The flip answer is yes of course you need a data scientist! The serious answer is more nuanced. When a term gets hot, it can easily get overused and generate backlash. Here is my quick check list of cases that might warrant an investment in data science.
Data Products: If your organization sells data you probably already have many of the characteristics of data science even if you don’t have someone with that official role. A data scientist can help you with everything from algorithmic anomaly detection, to measurement validity and explore how to move up the value chain. Raw data gains value through segmentation, clustering, time-series historical comparisons and prediction of upcoming value.
Business Arguments: If your executive team is fraught with arguments about the fundamental assumptions and hypothesis underlying the business, you may need a data scientist. If might just feel like an argument to you, but someone trained as a scientist can translate those arguments into research questions and begin to define what data counts as evidence. They won’t be able to remove all uncertainties, but imagine your organization changing the basis of decisions from fighting fires and incident management into an iterative a series of experiments generating increasing confidence in the empirical foundation of your business.
Service Acceleration and Automated Personalization: Business process automation has gone through several iterations over the past 40 years. Today we are moving toward increasingly automated service delivery, scheduling and personalized offerings. Mobile devices and social media combine to provide businesses new kinds of location, time and interest data with which to design custom personalized JIT (just-in-time) experiences and offers. If your business is moving in this direction you need a data scientist or two to help you get the automated analytical components designed correctly and to monitor the ongoing effectiveness of the implementations.

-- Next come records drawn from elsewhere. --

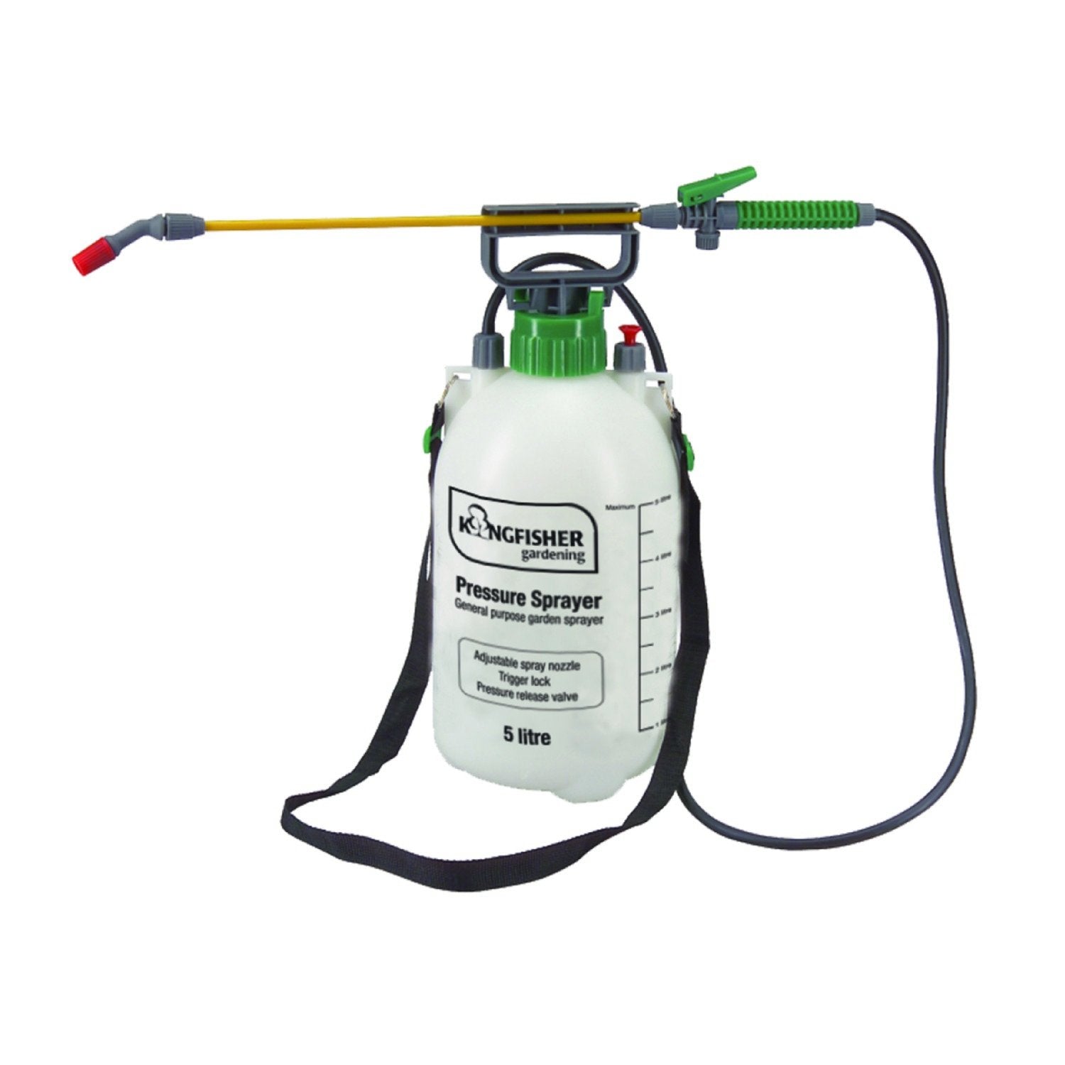 5L general purpose garden sprayer. Shoulder strap adjustable spray lance and trigger lock. Includes safety pressure release valve. Individually shrink wrapped.Manufactured from shatterproof and frost resistant material.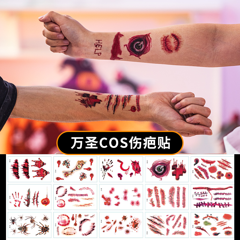 万圣节装饰伤疤贴纸儿童成人装扮拍照道具派对游乐园幼儿园场景布置无毒手臂纹身贴仿真血浆氛围道具礼物diy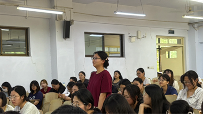 本次活动,武静茹校友结合自身丰富的教学及参赛经历,深度讲解教师专业成长。在教师比赛方面,她强调要严格把控时长,合理分配各环节时间,注意环节转换时用过渡语自然衔接。台下学生们凝神聆听,认真记录要点技巧。课堂教学中,她提倡用鼓励性语言激发学生积极性,结合生物学知识设计趣味案例,耐心应对课堂情况。谈及师生相处,她指出需以包容态度接纳差异,建立平等互信的师生关系。活动现场学生反响热烈,互动环节中,学生积极分享心得体会与困惑,武静茹校友也对其进行了细致解答。

Scale: Organizations with billions in revenue can easily justify the use of data scientists. An improvement of 1% on $100 million in profits easily pays for a data scientist for the year. In many organizations there are much larger inefficiencies to be found and it doesn’t take a scale of billions in order to pay-off. At the other end of scale are many tech start-ups in Silicon Valley and elsewhere are hiring one or more data scientist right from the beginning as a competitive advantage.
Data Tsunami: If your organization is struggling with Big Data you realize it. If your organization has a sense of drowning in data and yet still lack true insight you need help from a data scientist. A data scientist can help you connect the silos, separate signal from noise and help you get a handle on which levers can really move the business.

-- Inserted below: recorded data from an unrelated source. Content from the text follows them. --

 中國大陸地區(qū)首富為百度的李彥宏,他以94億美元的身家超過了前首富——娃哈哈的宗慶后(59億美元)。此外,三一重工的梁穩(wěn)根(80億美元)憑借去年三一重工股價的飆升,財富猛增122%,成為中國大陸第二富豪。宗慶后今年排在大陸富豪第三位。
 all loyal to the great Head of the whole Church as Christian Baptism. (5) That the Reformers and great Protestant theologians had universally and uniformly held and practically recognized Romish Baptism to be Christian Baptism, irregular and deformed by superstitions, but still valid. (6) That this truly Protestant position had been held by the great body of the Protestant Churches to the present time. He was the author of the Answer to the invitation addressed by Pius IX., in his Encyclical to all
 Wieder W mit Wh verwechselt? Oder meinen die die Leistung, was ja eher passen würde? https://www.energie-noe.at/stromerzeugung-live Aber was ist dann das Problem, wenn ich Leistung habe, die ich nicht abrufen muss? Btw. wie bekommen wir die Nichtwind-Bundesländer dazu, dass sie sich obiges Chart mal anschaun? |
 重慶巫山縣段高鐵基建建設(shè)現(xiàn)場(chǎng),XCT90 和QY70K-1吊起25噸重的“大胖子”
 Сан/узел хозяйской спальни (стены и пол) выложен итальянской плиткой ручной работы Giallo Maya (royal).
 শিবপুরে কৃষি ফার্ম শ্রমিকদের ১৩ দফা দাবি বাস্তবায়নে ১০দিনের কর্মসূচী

Intuition: “I just have this feeling that we aren’t getting everything we should out of our data?” One of my longest running engagements started just this way. We started with a short project and after about a week’s worth of work it morphed into an ongoing engagement to help the team a few hours per week with data exploration, predictive analyses, exploring competing business hypotheses and testing the effectiveness of promotions. Scale for this line of business was initially quite modest, but getting the new effort grounded in data early was a big win. This client now runs a significant part of their business in a highly automated fashion with market responsive pricing. And, they were able to recover a portion of the data science costs out of licensing data subsets to non-competitive industry partners.
Does your organization need a data scientist? If you found yourself nodding in agreement with any of these cases you might.